§ What is being asked
Using the listing below, give again exactly the lines from the line with "3、这些照片就是密码,玩家可" to the line with "Rayqeen 60 Inch", inclusive, without the pictures.

§ Data for review

+ + + + +

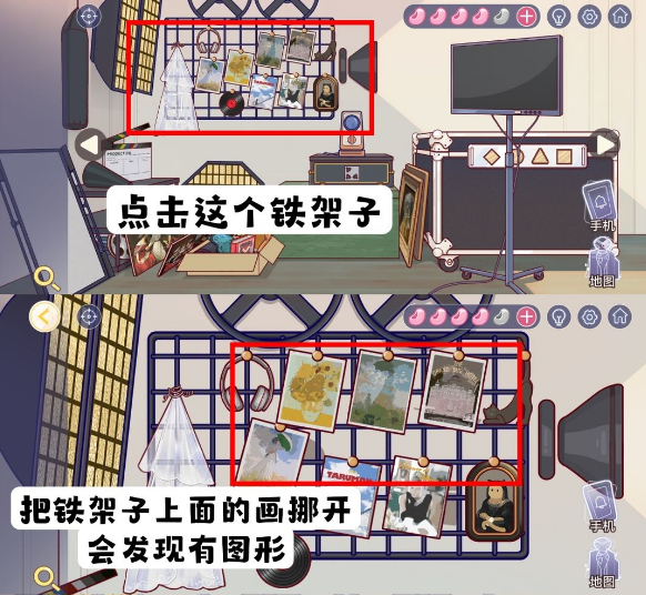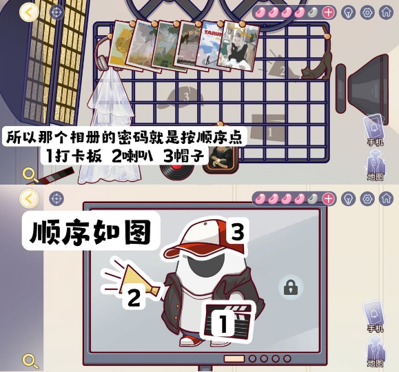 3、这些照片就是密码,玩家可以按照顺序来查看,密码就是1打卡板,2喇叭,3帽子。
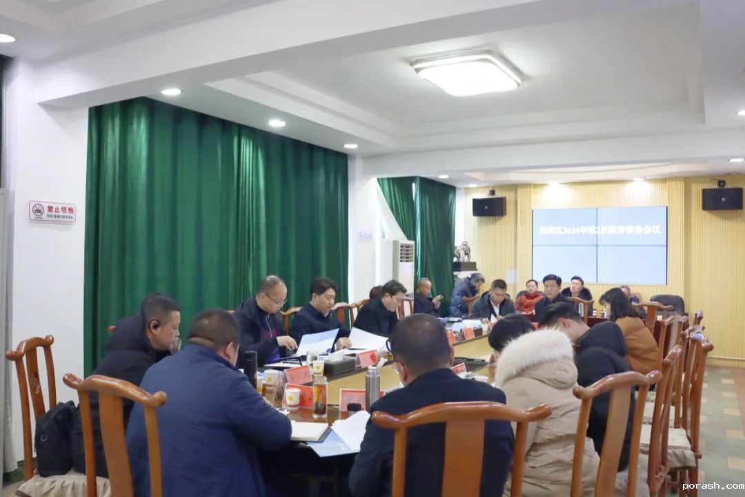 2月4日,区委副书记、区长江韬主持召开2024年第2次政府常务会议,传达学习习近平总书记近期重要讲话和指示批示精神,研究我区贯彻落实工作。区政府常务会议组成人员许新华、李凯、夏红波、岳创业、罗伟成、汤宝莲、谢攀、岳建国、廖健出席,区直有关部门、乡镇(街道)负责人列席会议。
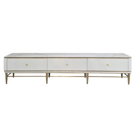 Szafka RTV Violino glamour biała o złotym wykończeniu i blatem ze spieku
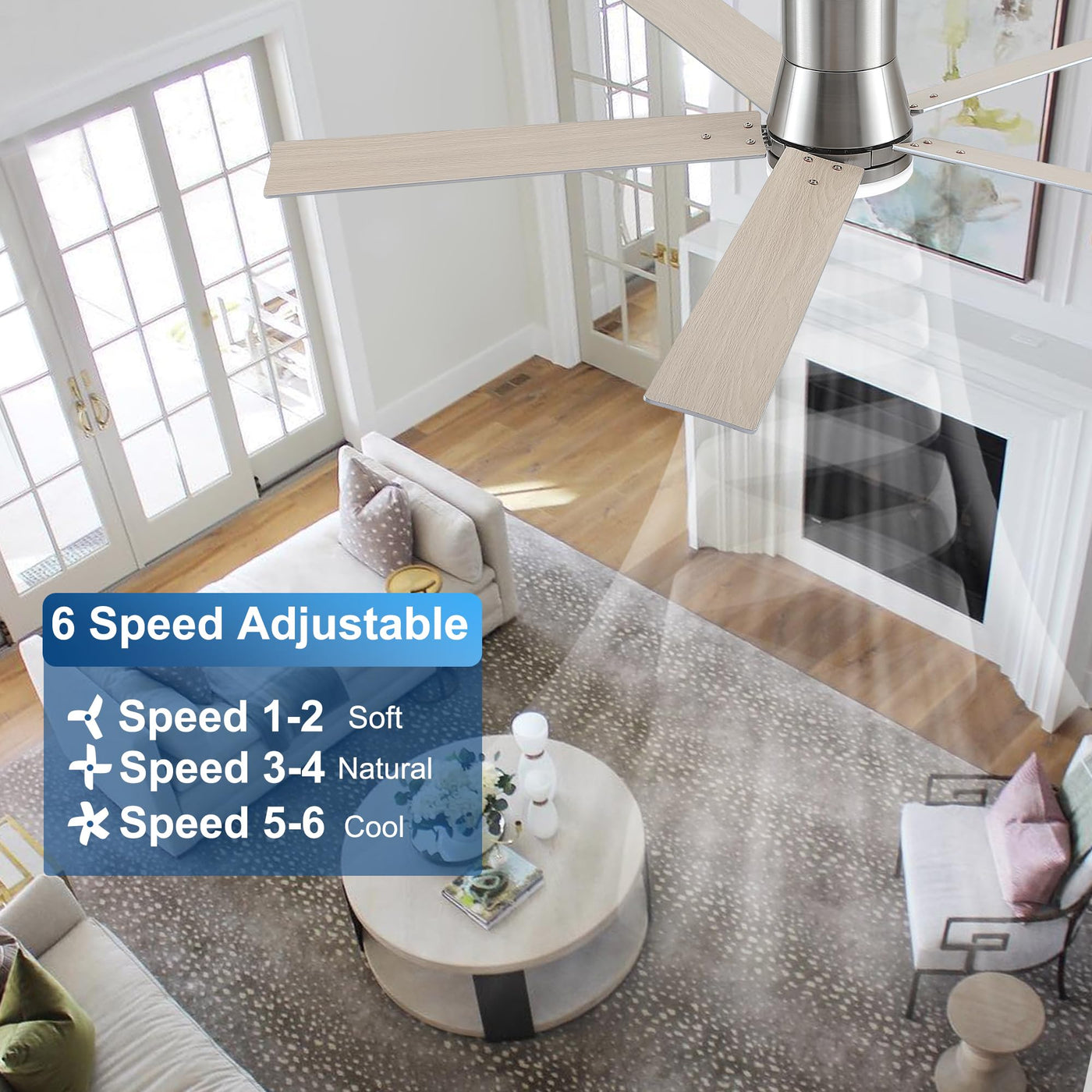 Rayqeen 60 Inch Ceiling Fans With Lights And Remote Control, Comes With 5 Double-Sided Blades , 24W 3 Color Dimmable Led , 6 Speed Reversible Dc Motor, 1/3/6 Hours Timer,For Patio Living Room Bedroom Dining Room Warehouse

+ + + + +

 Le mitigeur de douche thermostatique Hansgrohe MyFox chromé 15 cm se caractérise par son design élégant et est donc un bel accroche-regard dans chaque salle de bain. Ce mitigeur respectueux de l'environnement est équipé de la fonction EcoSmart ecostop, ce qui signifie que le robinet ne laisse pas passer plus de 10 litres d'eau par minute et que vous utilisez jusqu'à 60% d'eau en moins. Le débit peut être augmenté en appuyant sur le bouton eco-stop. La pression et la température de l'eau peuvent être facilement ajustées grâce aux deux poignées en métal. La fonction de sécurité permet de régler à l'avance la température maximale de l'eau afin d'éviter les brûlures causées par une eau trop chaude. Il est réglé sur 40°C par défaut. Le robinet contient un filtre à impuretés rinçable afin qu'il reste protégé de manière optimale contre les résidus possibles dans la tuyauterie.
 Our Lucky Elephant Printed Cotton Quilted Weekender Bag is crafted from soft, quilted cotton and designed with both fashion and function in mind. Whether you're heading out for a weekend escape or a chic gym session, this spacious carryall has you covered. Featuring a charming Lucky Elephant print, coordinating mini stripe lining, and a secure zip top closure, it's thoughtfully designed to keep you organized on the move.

+ + + + +

§ Finished exercise
 3、这些照片就是密码,玩家可以按照顺序来查看,密码就是1打卡板,2喇叭,3帽子。
 2月4日,区委副书记、区长江韬主持召开2024年第2次政府常务会议,传达学习习近平总书记近期重要讲话和指示批示精神,研究我区贯彻落实工作。区政府常务会议组成人员许新华、李凯、夏红波、岳创业、罗伟成、汤宝莲、谢攀、岳建国、廖健出席,区直有关部门、乡镇(街道)负责人列席会议。
 Szafka RTV Violino glamour biała o złotym wykończeniu i blatem ze spieku
 Rayqeen 60 Inch Ceiling Fans With Lights And Remote Control, Comes With 5 Double-Sided Blades , 24W 3 Color Dimmable Led , 6 Speed Reversible Dc Motor, 1/3/6 Hours Timer,For Patio Living Room Bedroom Dining Room Warehouse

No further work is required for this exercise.